Perush — os Mefarshim · פֵּרוּשׁ הַמְּפָרְשִׁים

Dois pontos da Guemará em Keritot 17b–19a, comentados por Rashi: a discussão entre Rav Assi e Chiyya bar Rav sobre se a primeira cláusula da mishná fala de uma única peça de status duvidoso ou de duas peças distintas, e a explicação da kaparah incerta que protege quem trouxe o asham talui em dúvida.
Rashi רַשִׁ״י
Keritot 18b, sobre a opinião de que a mishná trata de duas peças
ר׳ אליעזר היא — הילכך ליכא למימר חולין לעזרה נינהו: ואתני אי ראשון שומן אכל — ודאי השני חלב ואי אכל ודאי חלב מספקא ליהוי ליה כפרה להגין עליו עד שיודע לו ויביא חטאת ואי לא ליהוי נדבה:
Rashi explica que a opinião citada segue Rabi Eliezer, e por isso não se pode dizer que se trata de chulin em relação ao Templo.

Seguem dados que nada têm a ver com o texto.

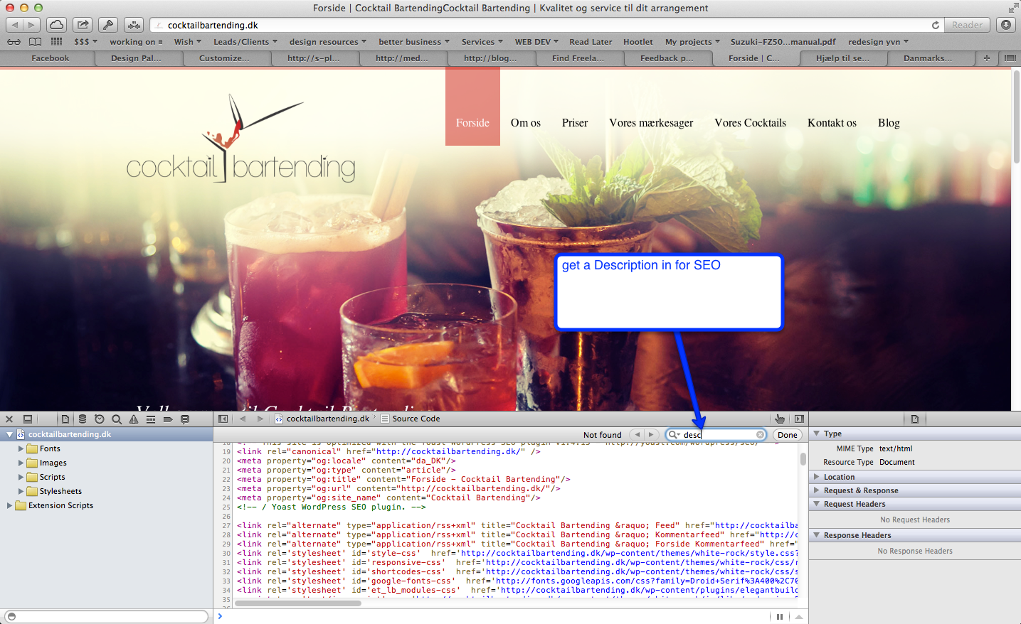 Dog synes jeg at opstillingen af de forskellige cocktails under "Vores cocktails" er noget rodet og uoverskuelig. Der står også "Archives" i titlen på den side, det ved jeg ikke om er meningen? Det giver i hvert fald ikke meget mening, når resten er på dansk.

E quanto à condição estabelecida — se a primeira peça comida era gordura permitida, então a segunda era certamente gordura proibida; e se a primeira comida era certamente gordura proibida, então o asham trazido por dúvida serve de kaparah incerta que o protege até que se lhe torne conhecido o fato e traga então a chatat correspondente; e, se não se lhe tornar conhecido, o asham permanece como oferta voluntária.
Rashi רַשִׁ״י
Keritot 19a, sobre a posição de Rabi Shimon quanto à impureza do Templo
רַבִּי שִׁמְעוֹן פּוֹטֵר בָּזוֹ — דְּשְׁנֵי טוּמְאוֹת נִינְהוּ, אָכַל חֲדָא וַחֲדָא, כְּנִיסָה אִיכָּא לְמֵימַר שְׁבִיל זֶה הוּא הַטָּהוֹר, וְהִלְכָּךְ לֵיכָּא יְדִיעָה וַדָּאִית בַּתְּחִלָּה, וּבְטוּמְאַת מִקְדָּשׁ בָּעֵינַן יְדִיעָה בַּתְּחִלָּה וּבַסּוֹף וְהֶעְלֵם בֵּינְתַיִם, וְתַנָּא קַמָּא דְּמְחַיֵּב מְפָרֵשׁ טַעְמֵיהּ לְקַמָּן:
Rashi explica que Rabi Eliezer isenta nesse caso porque se trata de duas impurezas distintas, cada entrada podendo ser atribuída à via pura; por isso não há conhecimento certo no início, e para a impureza do Templo exige-se conhecimento tanto no início quanto no fim, com esquecimento no intervalo — estrutura paralela à das dúvidas que a nossa mishná reúne para o asham talui.